Epidemiology Of Cancer

Prof. Dr. Shyam P Lohani


Human body has trillions of cells with specific functions and fixed lifespan. It is a natural phenomenon that old cells die and get replaced by new ones. This process is called ‘apoptosis’. Every cell gets instructions to die after their lifespan and the body will replace the old cells with the new ones which function better. However, even when a cell lacks such instructions, the cell division process continues. Such cells are called cancerous cells that rapidly grow utilising nutrients and oxygen which otherwise nourish other cells. Those cancerous cells can form tumors, impair the immune system and can cause other changes that prevent the body to function normally. There are more than 200 different types of cancer that may occur in almost every part of the human body. All of them are potentially life-threating. The cases of cancer are increasing rapidly throughout the world due to an unhealthy lifestyle and other environmental factors.

Global trend
Around 9.6 million people died due to cancer in 2018. This is the second leading cause of death worldwide. The disease is projected to increase by 70 per cent to 13.1 million annually by 2030. Globally, about 17 per cent of all deaths are attributed to cancer (WHO, 2018). Out of total deaths due to cancer, about 70 per cent occur in low and middle-income countries.
In Nepal, around 7.7 per cent of the total deaths were attributed to cancer in 2012 (WHO, 2014). The most common cancers that kill people worldwide are lungs, breast, colorectal, prostate, skin cancer (non-melanoma), and stomach. In Nepal, lungs, cervix, breast, and stomach cancers are most common. Most cancers form tumors but all tumors are not cancerous. Benign type of tumors does not spread to other parts of the body and do not cause new tumors. However, malignant tumors spread through lymph or blood to other parts of the body and form tumors.
There are many risk factors, which are associated with an increased incidence of cancer. These modifiable or avoidable risk factors are due to the use of cigarettes or smokeless tobacco, being obese or overweight, insufficient physical activities, unhealthy diets which include fewer vegetables and fruits and indoor air pollution. The harmful use of alcohol, urban air pollution, infection by Human Papilloma Virus (HPV) and hepatitis, ionising and ultraviolet radiation are other risk factors which are either avoidable or modifiable. Almost 9 out of 10 lung cancers are due to smoking or second-hand smoke. Tobacco use is the most common cause of cancer and almost 22 per cent of all deaths due to cancer are attributable to tobacco use (Lancet, 2016). Smoking causes 16 different types of cancer. Every time we smoke, some 7,000 different chemicals enter into lungs and spread to other parts of the body among which 69 are known carcinogens. Infections such as hepatitis and HPV are responsible for about 25 per cent of cancer cases in low and middle-income countries (WHO, 2018).
Almost up to half (30-50 per cent) of cancers can be prevented by lifestyle modifications and/or by avoiding preventable risk factors. The prevention of certain cancers is simple while others require a complex approach. The avoidance of exposure to a potential cause is the easiest approach. Quitting smoking (or better never start) tops the list of avoidable exposure. Avoiding excess sunlight or reducing exposure to sunlight by using sunscreen, avoiding asbestos exposure, arsenic exposure, and other known carcinogens such as certain pesticides can reduce the occurrence of cancer. Chemical workers, X-ray technicians and workers with ionising radiation should use protective equipment and also follow safety protocols. Although there has been no evidence that the use of cell phones has something to do with cancer, it is advised to use them with an earpiece or make as few cell phone calls as possible. There are vaccines available for Hepatitis B which is implicated for liver cancer and HPV which is responsible for about 70 per cent of cervical cancer (WebMD, 2018). The treatments of cancer include chemotherapy, radiotherapy or surgery and many times combination of the two. Immunotherapy has some promises in recent studies.

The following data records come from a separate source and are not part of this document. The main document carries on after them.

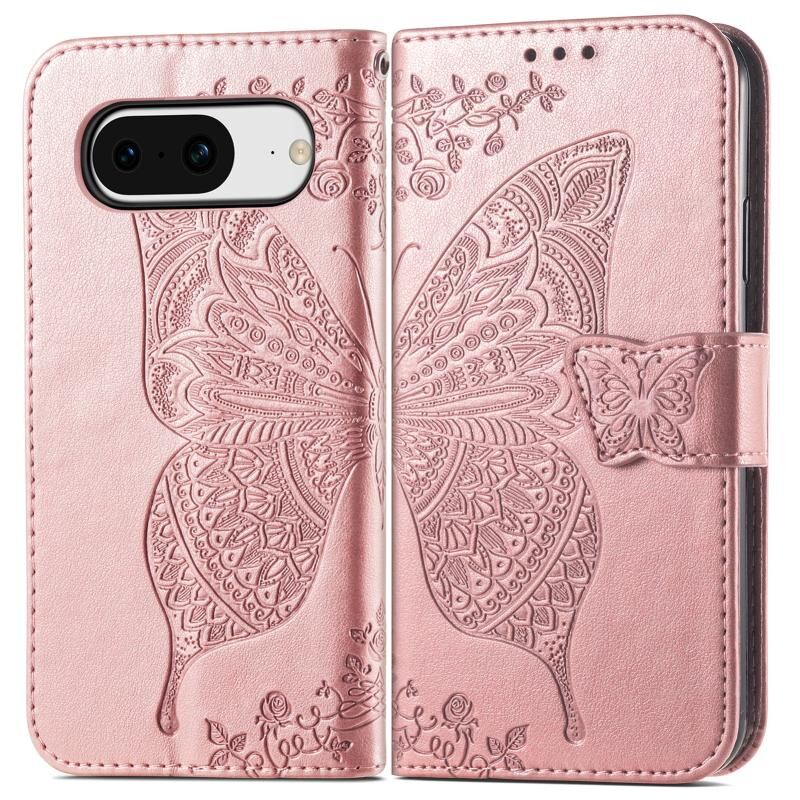 Θήκη τηλεφώνου από δέρμα με ανάγλυφο σχέδιο πεταλούδας και λουλουδιών για Google Pixel 8 (Μαύρο)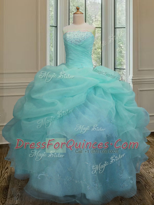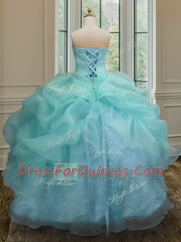 Popular Sleeveless Floor Length Embroidery and Pick Ups Lace Up Quinceanera Gown with Aqua Blue
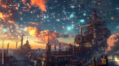 Wall mural mechanical constructs of clockwork and steam clashing in a futuristic cityscape under a sky ablaze w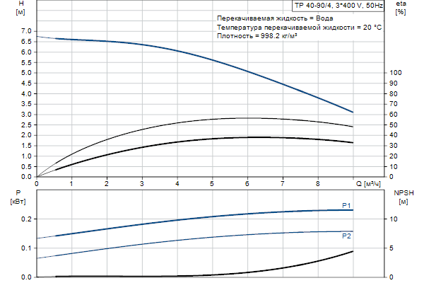 Одноступенчатый, без соединительной муфты, центробежный с всасывающим и выпускным патрубками на одной линии. Насос имеет конструкцию извлечения сверху, т.е. головную часть (электродвигатель, голову насоса и рабочее колесо) можно демонтировать для обслуживания или ремонта в то время, как корпус насоса остается на трубопроводе.
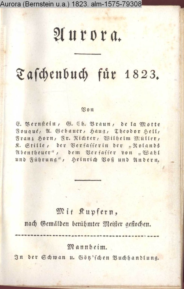 Aurora. / Taschenbuch für 1823. / Von E. Bernstein, G. Chr. Braun, de la Motte / Fouqué, A. Gebauer, Haug, Theodor Hell, / Franz Horn, Fr. Richter, Wilhelm Müller, / K. Stille, der Verfasserin der »Rolands / Abentheuer«, dem Verfasser von »Wahl / und Führung«, Heinrich Voß und Andern. / Mit Kupfern, / nach Gemälden berühmter Meister gestochen. / Mannheim. / In der Schwan u. Götz'schen Buchhandlung
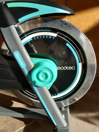 Bicicleta estática Cecotec EXTREME20 en perfecto estado, casi sin uso. - Diseño moderno en gris, negro y turquesa. - Volante de inercia de 20 kg. - Sillín ergonómico y ajustable. - Manillar regulable en altura. - Pedales con puntera.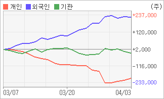 | 기관과 개인은 순매도, 외국인은 순매수(한달누적) 4월2일부터 전일까지 기관이 2거래일 연속 순매도를 보였다. 4주간을 기준으로 보면 외국인이 초반에 동종목을 순매수한 이후에 기세를 이어가며 224,727주를 순매수한 반면, 기관은 매도 관점으로 접근하면서 23,418주를 순매도했고, 개인들도 매도쪽으로 방향을 잡으면서 199,693주를 순매도한 것으로 집계됐다. |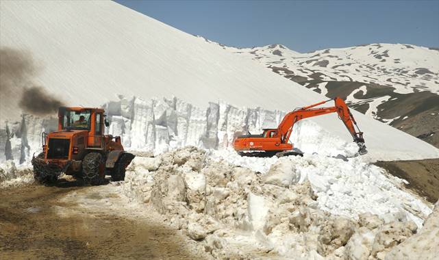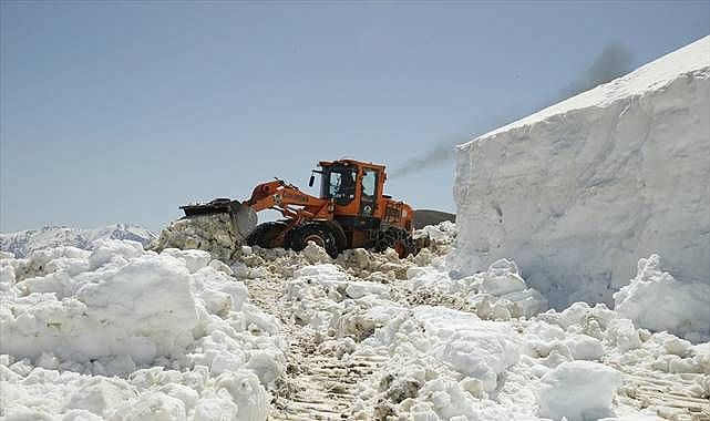 Kentte çetin geçen kış mevsiminin ardından vatandaşların mağduriyet yaşamaması için sorumluluk alanlarındaki yollarda mesai yapan ekipler, kar kalınlığının yer yer 5 metreyi bulduğu yayla yolunda çalışmalarına devam ediyor.

There are huge disparities in treatment facility available for cancer. More than 90 per cent of high-income countries have facilities for the treatment and management of cancer, whereas, only 30 per cent of low-income countries have such facilities. Another important aspect of cancer management is an early diagnosis. Cancer diagnosed early will have a high chance of cure. The vaccine against HPV and hepatitis can save at least a million cancer cases yearly (Plummer, 2016). The population-based screening of breast and cervical cancer will help detect those cancers early and treatment at the initial stage results in a better outcome.
The large percentages (77 per cent) of the Nepali family still rely on traditional fuels such as firewood and cow dung for cooking. Indoor air pollution from biomass causes a significant burden of cancers along with acute respiratory illnesses (ARIs) among children and chronic obstructive pulmonary diseases (COPD) in adults. Tackling outdoor as well as indoor pollution, although, challenging is possible by encouraging electrical vehicles and using smokeless stoves as well as using clean energy such as biogas. It has been estimated that within a few years, the country will have surplus hydroelectricity as well as almost complete electrification in households throughout the country. Every household should be encouraged to use electricity for cooking.
There are two specialised public cancer hospitals in Bhaktapur and Bharatpur. There are already two cancer hospitals in the private sector in Kathmandu and Bhaktapur. One new private cancer hospital is coming up in State 1. Few tertiary care centres and medical colleges have cancer treatment facilities. Currently, the government provides Rs. 100,000 to cancer patients from poor and impoverished families and working out plans to increase the amount to Rs. 500,000 and (Department of Health Services, 2018). The Nepal Health Research Council (NHRC) has launched a population-based cancer registry to collect data on the burden of cancers across the country which will help the government to formulate necessary policy. Lastly, effective preventive measures combined with better treatment facilities will help the country fight the burden of cancer in the coming days.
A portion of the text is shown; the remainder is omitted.